Background
Edgar grew up in Paris, New York and Geneva.
Edgar grew up in Paris, New York and Geneva.
He studied at Harvard University (Honors Bachelor in Music 1966), Westminster Theological Seminary (Master of Divinity 1969), and the University of Geneva (Doctor Théol 1993).
He has been called by Charles Colson “one of evangelicalism’s most valued scholars and apologists”. Between 1970-1978, he taught at the Brunswick School in Greenwich, Connecticut, and 1979-1989 at the Faculté Libre de Théologie Réformée, in Aix-en-Provence, France, where he continues as Professeur Associé. Since 1989, he is Professor of Apologetics at Westminster Theological Seminary.
He is also Coordinator of the Apologetics Department and Director of the Gospel and Culture Project.

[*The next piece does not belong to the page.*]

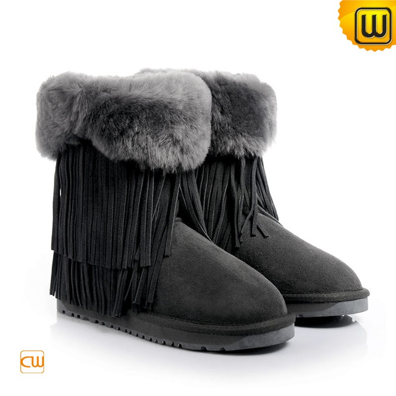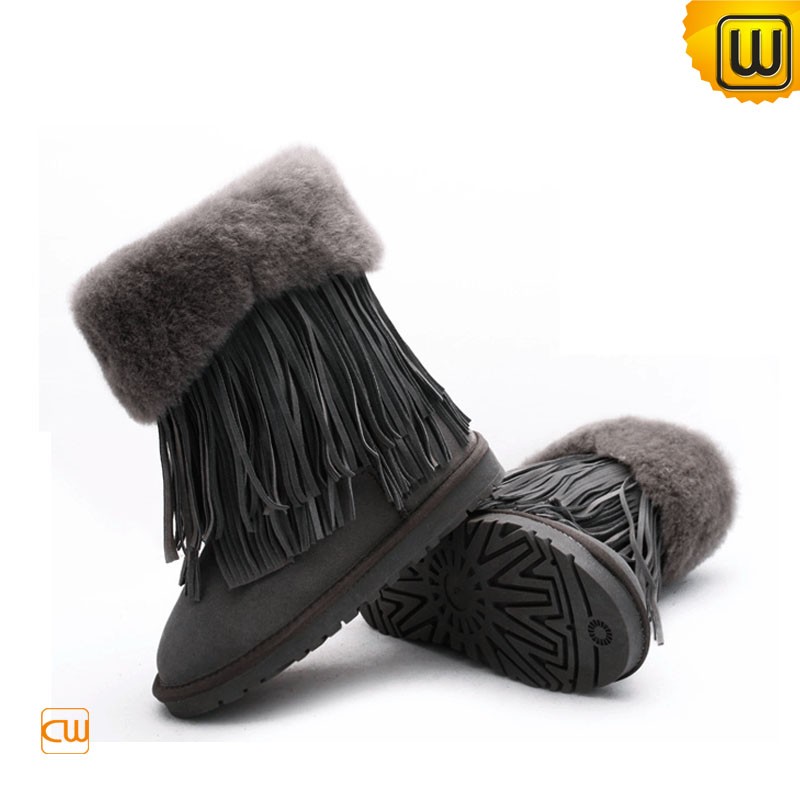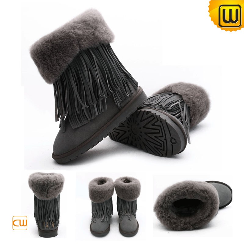Womens Warm Winter Shearling Fringe Boots Black CW314426

He was Chairman of the Faculty until 2010. Edgar is married to Barbara Smyth Edgar.
They have two children, William Keyes Hill-Edgar and Deborah Boatwright Edgar. He is a Fellow at the Wilberforce Forum and at Colson Center, Honors Trustee at the Greenwood School, and Senior Fellow at the Trinity Forum.
He is on the editorial advisory committee of Louisiana Revue Réforméest
He speaks regularly at the Veritas Forum programs. He frequently participates in the China Christian Scholars Association, and often travels to China. He has taught in French-speaking Africa in several countries.
Edgar is a jazz pianist and regularly performs an evening concert combined with a lecture on the history of jazz.
In 2007, it was recorded live on a double-Civil Defense, Heaven in a Nightclub, during a benefit concert for Chesterton House, a Center for Christian Studies at Cornell University. The concert and recording feature Edgar, vocalist Ruth Naomi Floyd, saxophonist Joe Salzano, and bassist John Patitucci.
His compositions include Louisiana Sainte Victoire, which premiered in Aix-en-Provence, June, 2007. He has also set the Psalms to music in an African mode.
He manages a professional jazz band, Renewal.
Edgar is a member of American Musicological Society, the Evangelical Theological Society, the Forum on Music and Christian Scholarship, the American Historical Association and the Society for Ethnomusicology.